Choices are: care_site, concept, concept_ancestor, concept_class, concept_relationship, concept_synonym, condition_occurrence, death, domain, drug_exposure, drug_strength, fact_relationship, location, measurement, observation, observation_period, person, procedure_occurrence, provider, relationship, source_to_concept_map, visit_occurrence, visit_payer, vocabulary
$ data-models-validator -model pedsnet -version 2.0.0 PEDSNET_DRUG_EXPOSURE.csv:drug_exposure
If the header does not match the expected set of fields, the expected and actual number of fields as well as any unknown and/or missing fields found in the header are printed:
$ data-models-validator -model pedsnet -version 2.0.0 original_visit_occurrence.csv:visit_occurrence
Validating against model 'pedsnet/2.0.0'
* Evaluating 'visit_occurrence' table in 'original_visit_occurrence.csv'...
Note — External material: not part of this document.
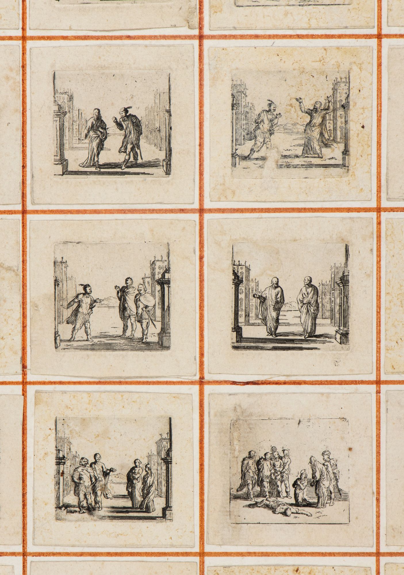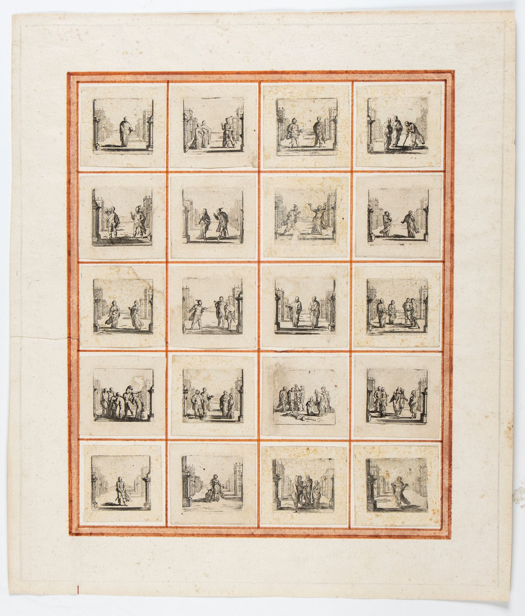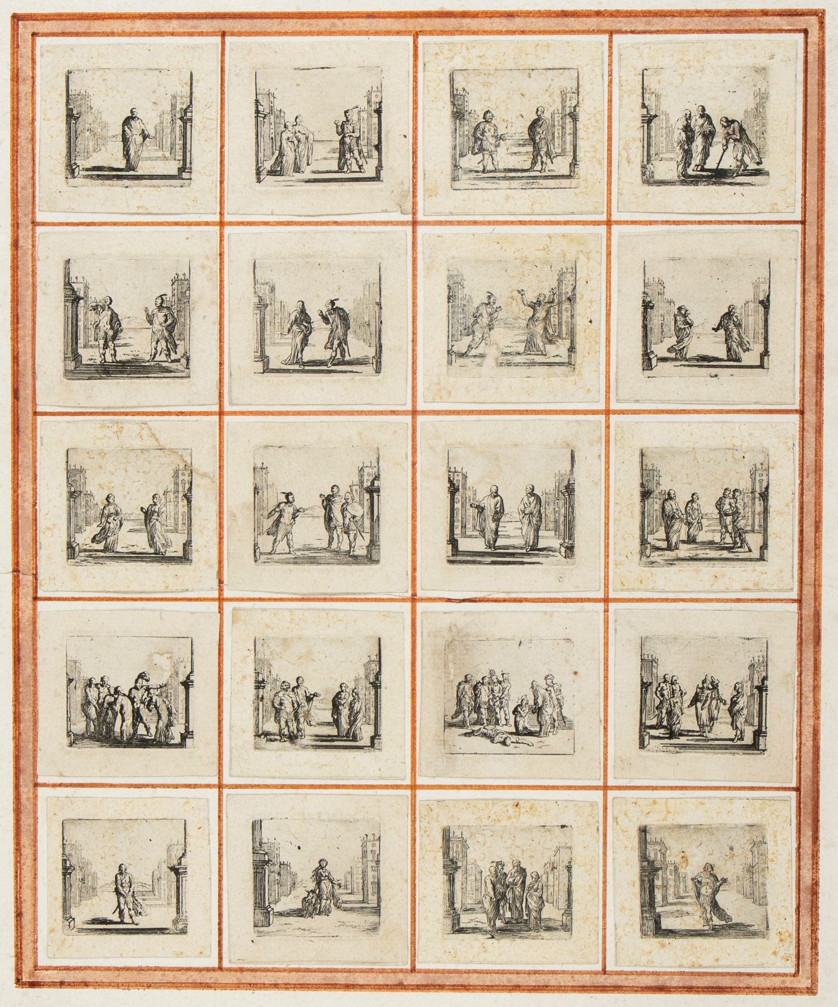 Lotto di 20 incisioni di anonimo artista della scuola fiorentina del XVII secolo. Acquaforte, 40 x 40 mm ca. (cad. lastra), 55 x 60 mm (cad. foglio).

* Problem reading CSV header: line 0: [code: 201] Header does not contain the correct set of fields: (expectedLength:12, actualLength:13, unknownFields:[visit_occurrence_source_id])
If the file passes validation, success is reported:
$ data-models-validator -model pedsnet -version 2.0.0 person.csv
Validating against model 'pedsnet/2.0.0'
* Evaluating 'person' table in 'person.csv'...
* Everything looks good!
If errors are found in the data, the errors are reported. For each field in which an error is found and each type of error in that field, the number of occurrences of the error and a small random sample of actual error values (prepended by line number) are shown:
$ data-models-validator -model pedsnet -version 2.0.0 measurement.csv
Validating against model 'pedsnet/2.0.0'
* Evaluating 'measurement' table in 'measurement.csv'...
* A few issues were found
+--------------------------+------+--------------------------------+-------------+--------------------------------+
| FIELD | CODE | ERROR | OCCURRENCES | SAMPLES |
+--------------------------+------+--------------------------------+-------------+--------------------------------+
| measurement_source_value | 300 | Value is required | 159 | 96897086:'' 96920063:'' |
| | | | | 96973571:'' 96899225:'' |
| | | | | 96912743:'' |
| unit_source_value | 300 | Value is required | 8938919 | 56172499:'' 84397591:'' |
| | | | | 64597721:'' 64982471:'' |
| | | | | 63311022:'' |
| value_source_value | 203 | Value contains bare double | 7 | 96847421:'COMPLEXITY |
| | | quotes (") | | CLINICAL LABORATORY |
| | | | | TESTING."' 96847441:'"THIS |
| | | | | TEST WAS DEVELOPED AND ITS |
| | | | | PERFORMANCE CHARACTERISTICS' |
| | | | | 64833023:'"X"=30.0%' |
| | | | | 96847452:'"THIS TEST |
| | | | | WAS DEVELOPED AND ITS |
| | | | | PERFORMANCE CHARACTERISTICS' |
| | | | | 64833023:'"X"=30.0%' |
+--------------------------+------+--------------------------------+-------------+--------------------------------+
Go 1.16+ is required.
Build a local binary.
make build
Create a git tag on the commit to be released. Then create a build for all targets.
make dist
This will create zip files in dist/
that can be uploaded to the Github releases page for the tag.